RuleForge: How AWS Uses LLM to Automate Vulnerability Detection Rule Generation and Reduce False Positives by 67%

Key Takeaways of RuleForge

AWS's internal system RuleForge uses the LLM-as-a-Judge validation mechanism and 5x5 generation strategy to automatically generate JSON vulnerability detection rules from Nuclei templates. While maintaining high detection rates, the system reduces false positive rates by 67%, effectively addressing the large-scale challenge where vulnerability detection rule development cannot keep up with the speed of vulnerability disclosure.

Background: The Large-Scale Dilemma of Vulnerability Detection

In 2025, the U.S. National Vulnerability Database (NVD) released over 48,000 new vulnerabilities. The speed at which security teams manually develop detection rules lags far behind the pace of vulnerability disclosure. The traditional manual mode relies on expert experience, is inefficient, and prone to omissions or errors due to fatigue. The industry urgently needs an automated, large-scale, high-quality rule generation solution.

Methodology: RuleForge's Core Architecture and 5x5 Generation Strategy

Core Architecture

RuleForge workflow: Input Nuclei template → Extract key vulnerability features → Generate candidate detection rules → Multi-dimensional quality validation → Output final JSON rules.

5x5 Generation Strategy

• Generate 5 candidate rules in parallel to leverage LLM-generated diversity;
• Each candidate rule undergoes up to 5 rounds of iterative optimization to fix defects;
• Validation results are fed back into the generation process to form a closed-loop improvement.

Evidence: Effectiveness of the LLM-as-a-Judge Validation Mechanism

RuleForge introduces LLM-as-a-Judge for dual-dimensional evaluation:

• Sensitivity: Ensure capture of real attack traffic to avoid false negatives;
• Specificity: Ensure normal traffic is not misjudged as attacks to avoid false positives.

This mechanism enables the system to achieve an AUROC of 0.75, reducing false positive rates by 67% compared to methods using only synthetic testing, allowing security teams to focus on real threats.

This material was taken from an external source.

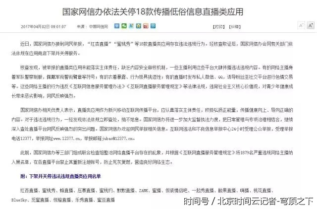 4月2日,国家网信办发布消息,“红杏直播”、“蜜桃秀”、“一起秀直播”等18款直播应用软件被依法关停,将1879名严重违规网络主播纳入黑名单并禁止其重新注册账号。

Extension Capabilities and Practical Experience

Extension Capabilities

• Explore rule generation from unstructured data sources (security announcements, vulnerability reports, etc.);
• Validate multi-event type detection to identify complex attack chains and combined threats.

Practical Lessons

• LLMs have overconfidence issues, requiring independent validation mechanisms;
• Domain experts are indispensable in prompt design and result review;
• Human-machine collaboration is the most effective model currently—LLMs are tools, not replacements.

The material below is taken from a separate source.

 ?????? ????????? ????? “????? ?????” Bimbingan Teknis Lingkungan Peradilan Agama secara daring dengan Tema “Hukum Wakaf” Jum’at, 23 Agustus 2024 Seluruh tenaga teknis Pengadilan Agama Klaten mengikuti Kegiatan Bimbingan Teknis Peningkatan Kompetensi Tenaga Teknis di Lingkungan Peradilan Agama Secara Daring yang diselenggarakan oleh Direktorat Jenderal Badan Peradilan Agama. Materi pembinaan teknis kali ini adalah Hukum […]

Technical Details: JSON Rules and Integrated Deployment

RuleForge's considerations for JSON format rules:

• Parsability: Facilitates programmatic processing and integration;
• Standardization: Unified structure for easy management and version control;
• Performance: Optimized JSON parsing, suitable for high-throughput detection scenarios.

The system is deeply integrated with AWS's internal detection infrastructure, allowing generated rules to be directly deployed to production, shortening the time window from vulnerability disclosure to protection.

Conclusions and Industry Implications

RuleForge represents an important direction for security operations automation; the pure manual rule development model is no longer sustainable. The hybrid model of automated generation + intelligent validation may become mainstream.

Implications for security teams:

1. Build an automated rule generation process suitable for your own environment;
2. Design effective validation mechanisms to ensure rule quality;
3. Balance the optimal point between automation and manual review.

LLMs have great potential in the cybersecurity field, but they need to be combined with careful system design, strict validation, and continuous iterative optimization.